While businesses had started implementing cloud before the COVID-19 outbreak, the pandemic has drawn more attention towards its importance and use-cases. In the last 18 months businesses witnessed the urgency to boost their digital transformation journey and understood the growing need to move to cloud services in order to ensure a smooth and secure remote working experience. According to a recent Gartner report, India’s cloud market is estimated to reach USD 5.6 billion by 2022, a 26% YoY growth. The shift to a hybrid work environment has also resulted in employees demandingan efficient, swift and smooth work experiences.

Further, having realized the countless benefits of a cloud-native model businesses are now leveraging this technology for a lateral growth – to enhance their agility, capability, meet the changing demands for 24×7 availability, increase deployment speed, and reduce IT costs. Cloud computing served as a foundation for as-a-service models; however, with IoT (Internet of Things) and edge computing becoming more popular, owing to factors like its ability to create new and improved ways to maximize efficiency, enhance performance and ensure the availability of data with very low latency, we can expect several service-based models to emerge in the near future.

       Kubernetes/ Containerization will take center stage:

India has seen an increased number of cyberattacks amid a rapid adoption of digital services across the country in last one year. Nearly 1.16 million cases of cyberattacks were reported in 2020, up nearly three times from 2019 according to Indian government data. On an average, 3,137 cyber security-related issues were reported every day during the year.

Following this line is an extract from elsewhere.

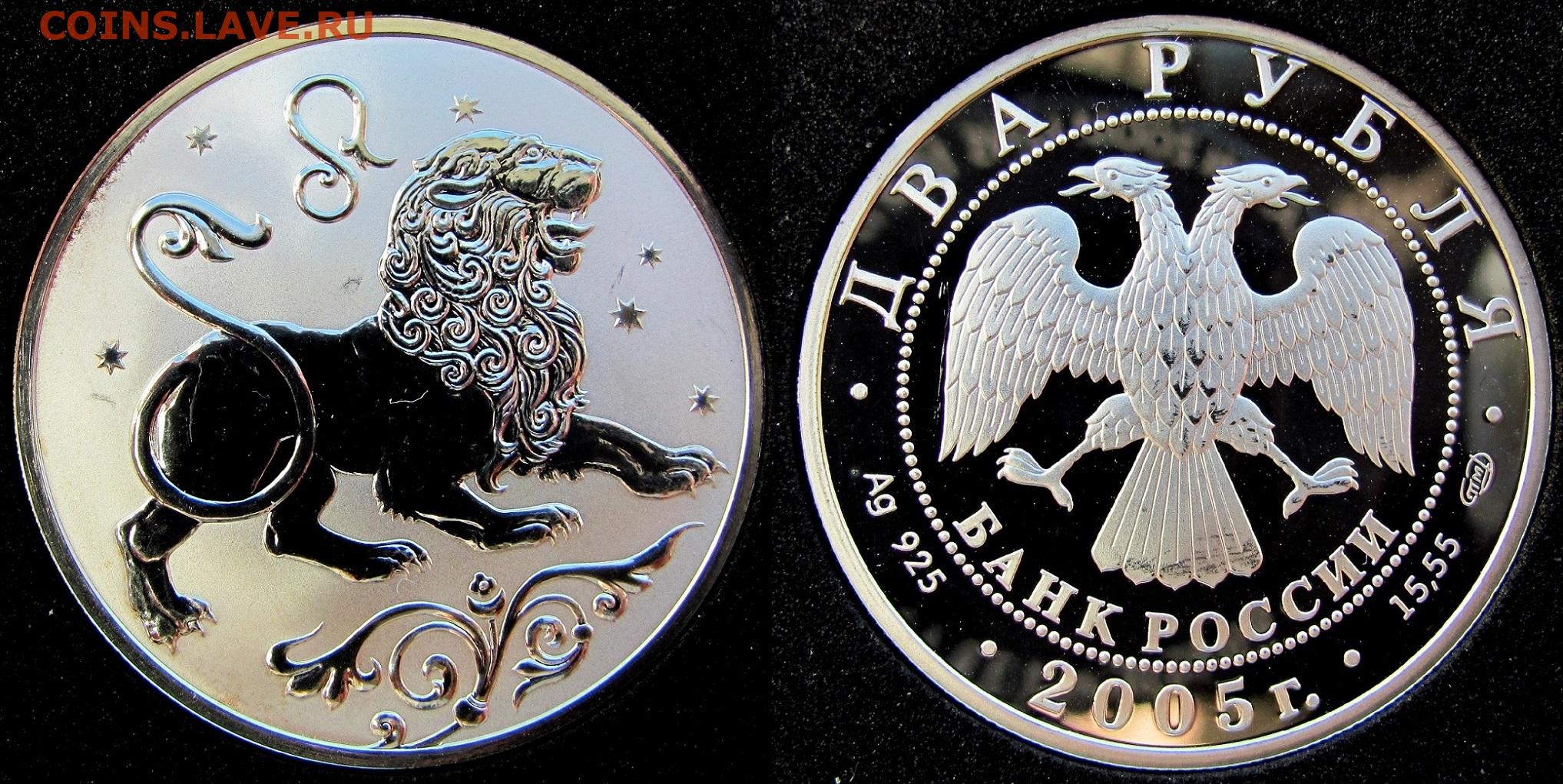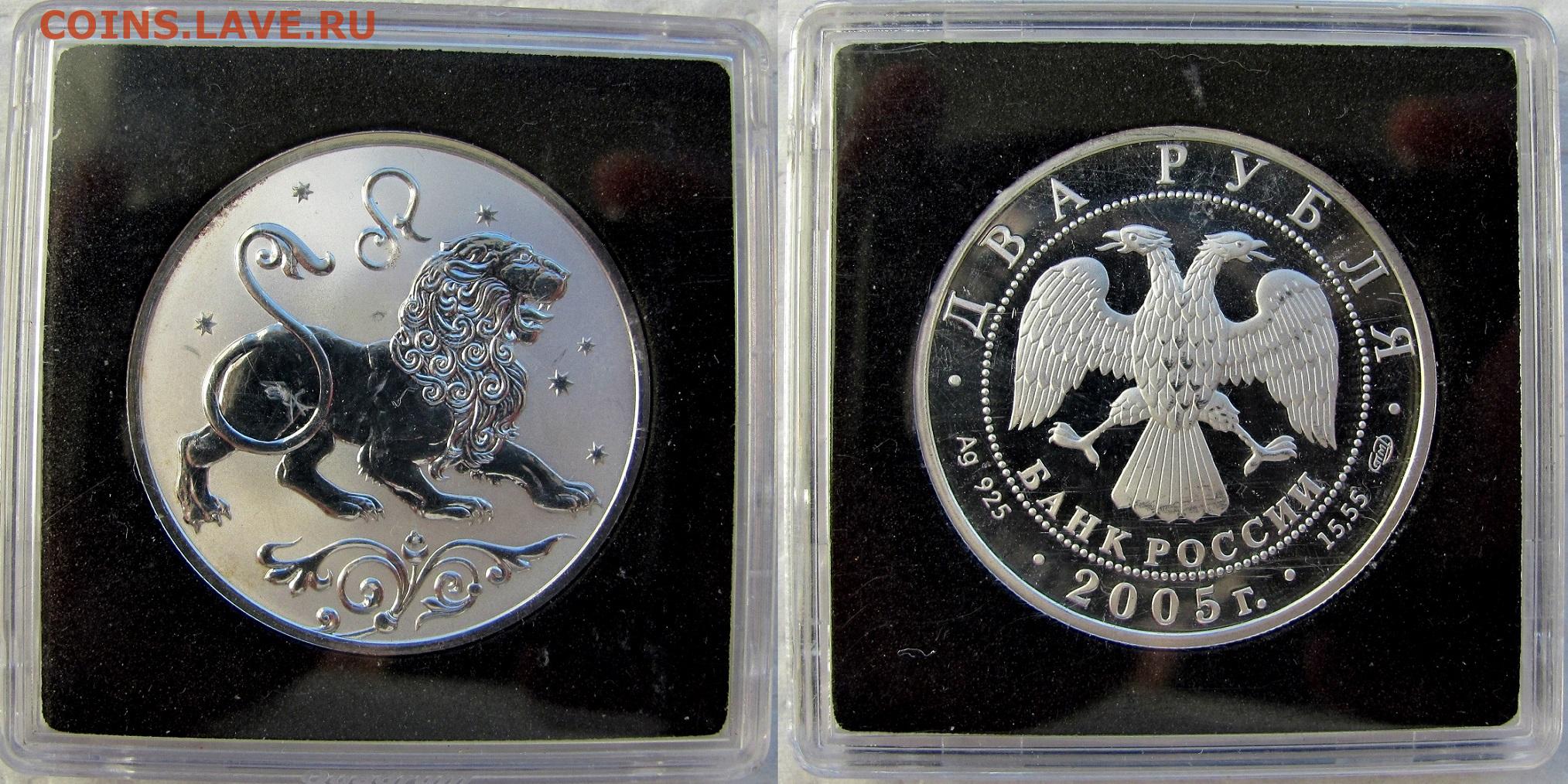 2 рубля 2005. Лев. Серия: Знаки зодиака. До 11.11.25 22-00

In the same time ransomware attacks increased, adoption of Kubernetes and containers have witnessed significant acceleration and have proven to be beneficial. According to Gartner, 75% of large enterprises in mature economies will have adopted containers by 2024. These trends have augmented modern computing paradigm driven by Kubernetes and containers. Kubernetes is the unifying fabric of modern computing. Using it to mitigate the most pressing data threats in today’s risk landscape is one of the best defenses against cyber-attacks. Furthermore, tools for backup and recovery functions promote automation and integrate seamlessly into existing workflows. Enabling immutability, creating backups with unique code paths, protecting backups for maximum effectiveness, and enabling seamless restores are part of a robust ransomware data protection strategy. Kubernetes can help eliminate manual processes and cut infrastructure costs. It makes a container-based architecture feasible across a portfolio of large enterprise apps, which means businesses can get most out of their cloud and hardware investments. Also, it can enable agility across the IT Ecosystem.